January 10, 1981: Newspaper Story
"Woman in MacDonald Case Claims He Was Victim Not Murderer"
The Register, (Fayetteville, N.C.)
Note: Translation of the article following the scanned pages
SEE: January 9, 1981: News story transmitted by the Associated Press re: Helena Stoeckley
Note from Christina Masewicz: Translation of the above new story as I read it to be
From staff and wire services reports
FAYETTEVILLE, N.C. - A woman who claims to have witnessed the slaying of former Green Beret physician Jeffrey's wife and two children in 1970 says MacDonald was a victim, not the murder.
In a copyright story, The Fayetteville Times quoted Helena Stoeckley as say MacDonald's family was killed by members of a whitchcraft cult bent on revenge because MacDonald had "been giving drugs users a hard time..."
MacDonald who now lives Huntington Harbor was convicted in 1979 of two counts of second-degree murder and one count of first-degree murder in the beating and stabbing deaths of his wife, Colette, 26, and their daughters, Kimberly, 5, and Kristen, 2, at their home on the Fort Bragg Army base.

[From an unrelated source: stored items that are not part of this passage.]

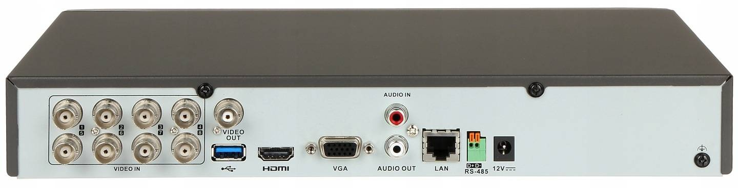 Rejestrator Hikvision iDS-7208HQHI-M1/S jest 8-kanałowym rejestratorem wideo pracującym w standardzie 4w1, tzn. obsługuje formaty obrazu: HD-TVI, HD-CVI i AHD i starszy CVBS (zamiennie za kamery analogowe, można też podłaczać kamery IP). Posiada 8 wejść wideo BNC, do któych można podłączyć kamery analogowe powyższych standardów. Posiada miejsce na 1 dysk twardy o maksymalnej pojemności 10 TB.
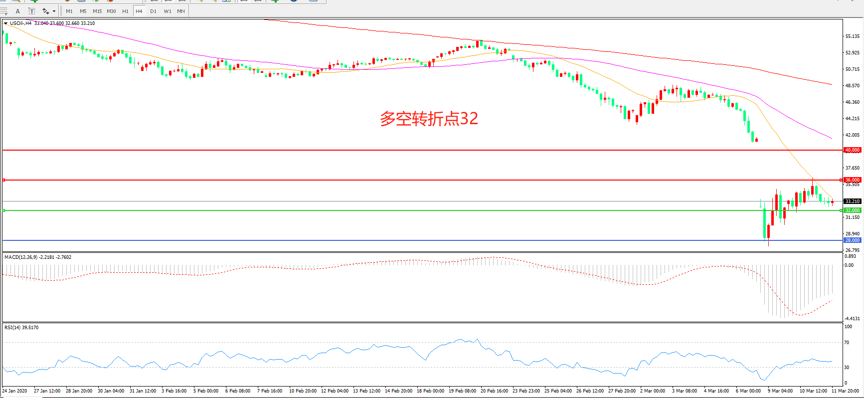 周三(3月11日),根据欧佩克月报显示,OPEC将2020年全球原油需求增速下调92万桶/日,而在EIA公布短期能源展望报告中,将2020油价预测下调了31%,市场上的悲观情绪蔓延,美国WTI原油收跌4%,报33.28美元/桶。
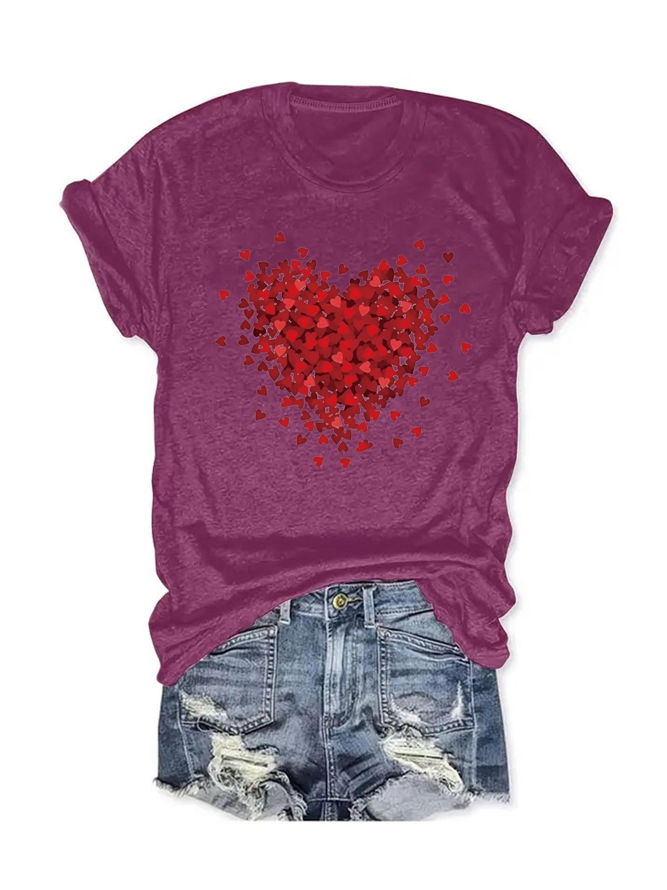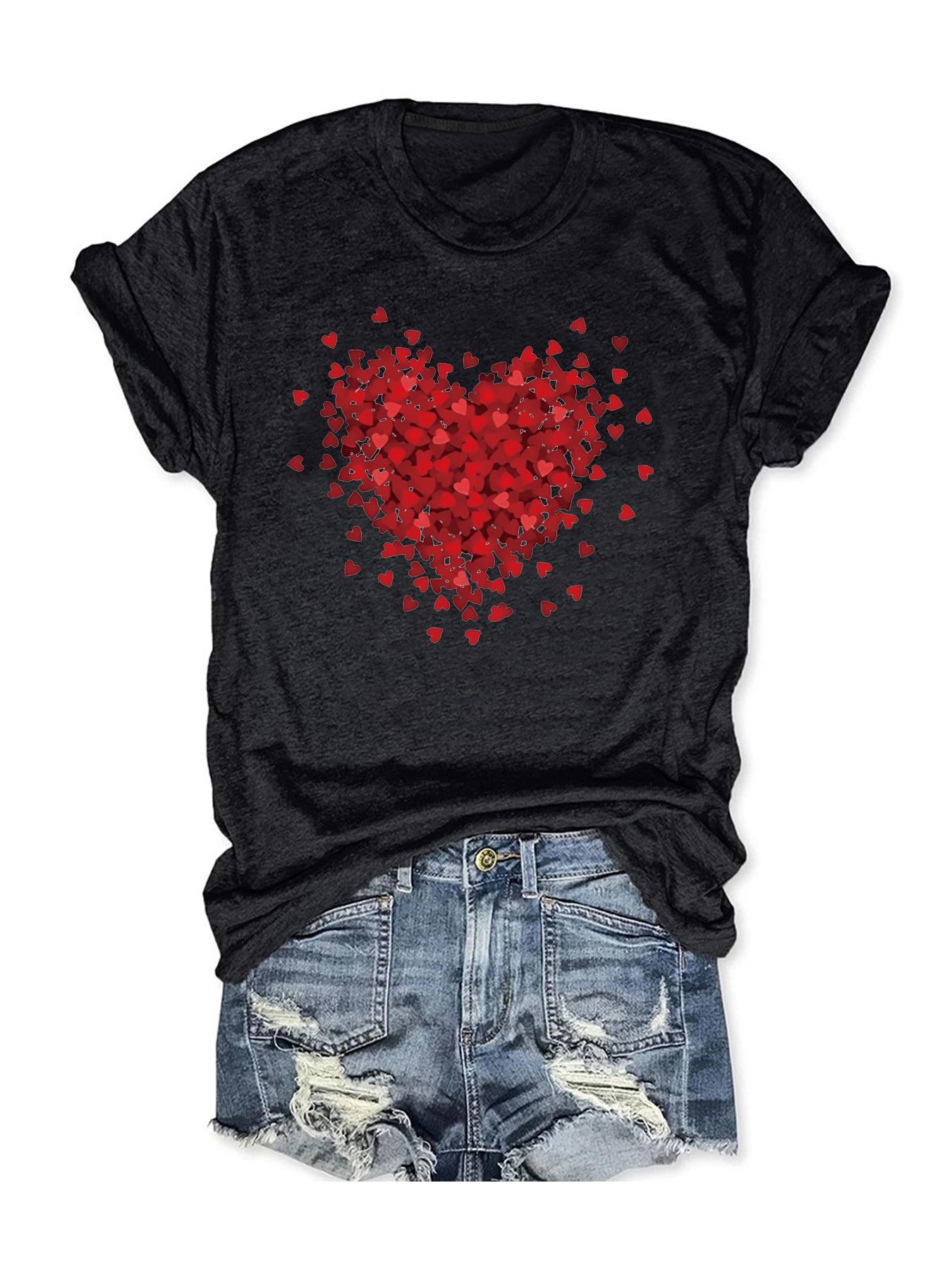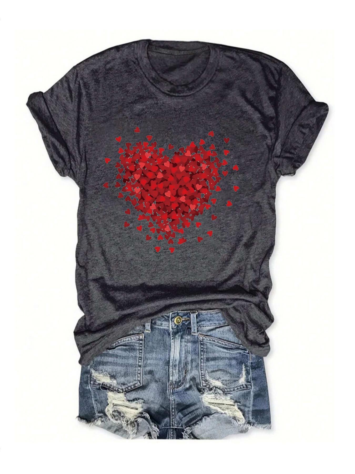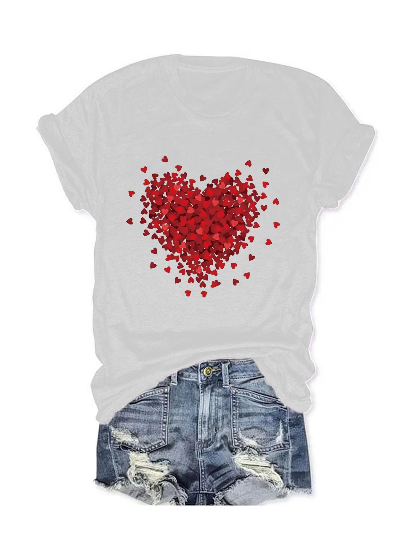 Camiseta de manga corta con cuello redondo y estampado de amor para mujer, ropa informal de moda de verano europea y americana, con explosión de comercio exterior

The 4th U.S. Circuit Court of Appeals overturned that conviction last year, ruling his right to a speedy trial had been violated. The government has until Feb. 17 to appeal that decision.
MacDonald, interviewed by telephone Friday, said he's convinced that Stoeckley was the woman in the floppy hat who witnessed the killing of his wife and two daughters.
"I don't think there's any question about it," he said. "We have an honest-to-God polygraph confession."
He said Stoeckley's statement and those compiled by private investigator Ted Gunderson from corroborating witnesses have vindicated him of the murder charge.
Gunderson's findings will be presented to federal law enforcement officials, MacDonald said. He said the report is 1,300 pages long and took a year to prepare at the cost of more than $100,000.
MacDonald said Stoeckley's story was not entirely new, but was part of a U.S. Army report made shortly after the murders 10 years ago. However, he said the information was ignored during his trial.
He said he won't be able to put the last 10 years behind him until the U.S. Supreme Court considers a federal prosecution appeal of his release. Then, assuming a favorable ruling, "I'll try to rebuild a normal life," he said.
For the past two months, MacDonald has been working as a physician in an area hospital, but declined to specify which one. MacDonald has maintained that his wife and daughters were killed by three men accompanied by a woman dressed in a floppy hat, with long blonde hair, wearing boots and carrying a lighted candle.
Stoeckley, who has been in hiding and met with reporters at a secret location, told the newspaper she was that woman. The newspaper said she also named the others she said were involved in the deaths, but the newspaper did not print their names.
In the past, government spokesmen have contented that remarks made by Stoeckley tending to involve her in the slaying were allusions she manufactured because her attire matched the description given by MacDonald.
She was called as a witness at MacDonald's trial, but
testified she could not recall being at the MacDonald home. U.S. District Judge Franklin Dupree Jr. subsequently referred to her as "a person whose mind is far impaired" who "remains in a constant state of hallucinations."
The Times quoted Stoeckley as saying she did not tell her story in court because she was frightened.
Stoeckley, 27, said she was talking now because "I was tired of living with this thing. I was in a private hell."
In the interview with The Times, Stoeckley described the scene at the MacDonald home as horrifying ... bloody ... out of control."
She said a scream that MacDonald attributed to his wife was her own, because of the violence developing in the house.
"I went into another room and saw another child in there.
"That's when I backed into something behind me. It was the toy riding horse ... one of the springs was loose.
"I went out of there ... the blood ... that when I realized things were out of control. That's when I screamed ..." she said.
She said she remembered going into the backyard to wait for the others, but does not remember whether she went back into the house. She said she did remember getting into a car and leaving the house.